ChangLab / FAST-iCLIP

Fully Automated and Standardized (FAST) iCLIP analysis pipeline.
GNU General Public License v2.0
21 stars 15 forks source link

FAST-iCLIP

Fully Automated and Standardized iCLIP (FAST-iCLIP) is a fully automated tool to process iCLIP data. Please cite the following paper:

Zarnegar B, Flynn RA, Shen Y, Do BT, Chang HY, Khavari PA. Ultraefficient irCLIP pipeline for characterization for protein-RNA interactions. Nature Methods (2016)

This package contains two main sets of tools: an executable called fasticlip to run iCLIP on human and mouse data, and several (possibly deprecated) iPython notebooks to process iCLIP data from viral genomes.

The following README will focus mainly on fasticlip. The pdf in the repository contains further instructions for using the iPython notebooks.

Table of Contents

Usage [ UPDATE ]

fasticlip [-h] -i INPUT [INPUT ...] [--trimmed] [--GRCh38 | --GRCm38] -n NAME -o OUTPUT [-f N] [-a ADAPTER] [-tr REPEAT_THRESHOLD_RULE] [-tn NONREPEAT_THRESHOLD_RULE] [-tv EXOVIRUS_THRESHOLD_RULE] [-bm BOWTIE_MAPQ] [-q Q] [-p P] [-l L] [-c C] [--verbose]

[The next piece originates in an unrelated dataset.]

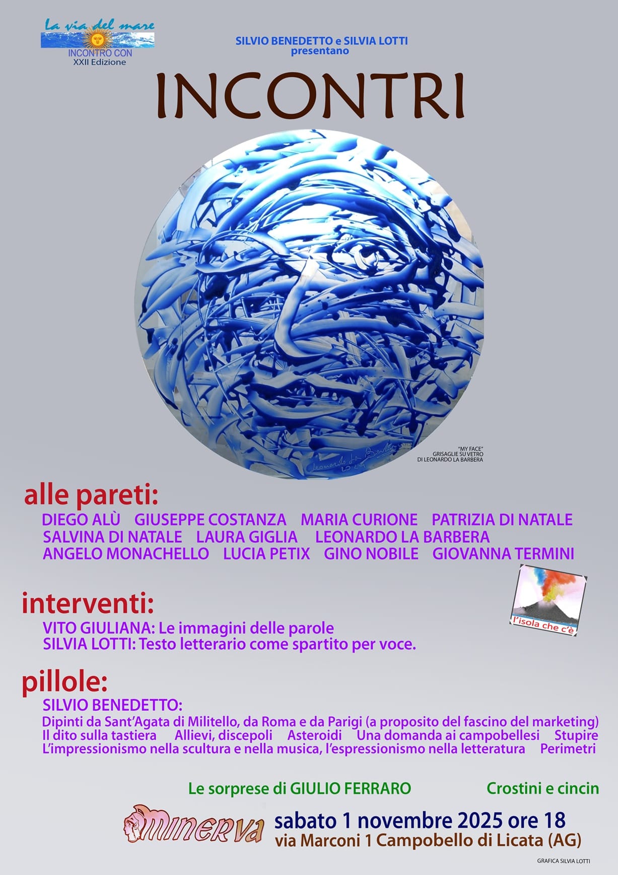 Un bel programa vi attende per sabato 1 novembre: Lo scrittore Vito Giuliana e Silvia Lotti interverranno sul tema ‘Immagine visiva nella scrittura’. I pittori parleranno delle loro esercitazioni sull’espressionismo e Leonard La Barbera esporrà una sua opera in cristalli mentre Silvio Benedetto sarà presente con le sue tradizionali e acute polemiche: ‘Pillole’. Dunque un programma da non perdere ma anche un’ occasione di scambio di idee e soprattutto un’ opportunità di conoscere il maestro Silvio Benedetto nella Saletta Minerva, via Marconi 1, Campobello di Licata (AG) ore 18,

Example: fasticlip -i rawdata/example_MMhur_R1.fastq rawdata/example_MMhur_R2.fastq --GRCm38 -n MMhur -o results

Example: fasticlip -i rawdata/example_Hmhur_R1.fastq rawdata/example_Hmhur_R2.fastq --GRCh38 -n Hmhur -o results

Note that the current pipeline is compatible with only GRCh38 (human) and GRCm38 (mouse) assemblies. This is due to a tailored set of annotations used in the pipeline. We will release details of generating annotation files for other genomes shortly in future.

Required arguments

flag description
-h, --help show this help message and exit
-i INPUT(s) At least one input FASTQ (or fastq.gz) files; separated by spaces
--GRCh38 required if your CLIP is from human
--GRCm38 required if your CLIP is from mouse
-n NAME Name of output directory
-o OUTPUT Name of directory where output directory will be made

Optional arguments

flag description
--trimmed flag if files are already trimmed
-f N Number of bases to trim from 5' end of each read. Default is 14. If using irCLIP RT primers, this value should be 18.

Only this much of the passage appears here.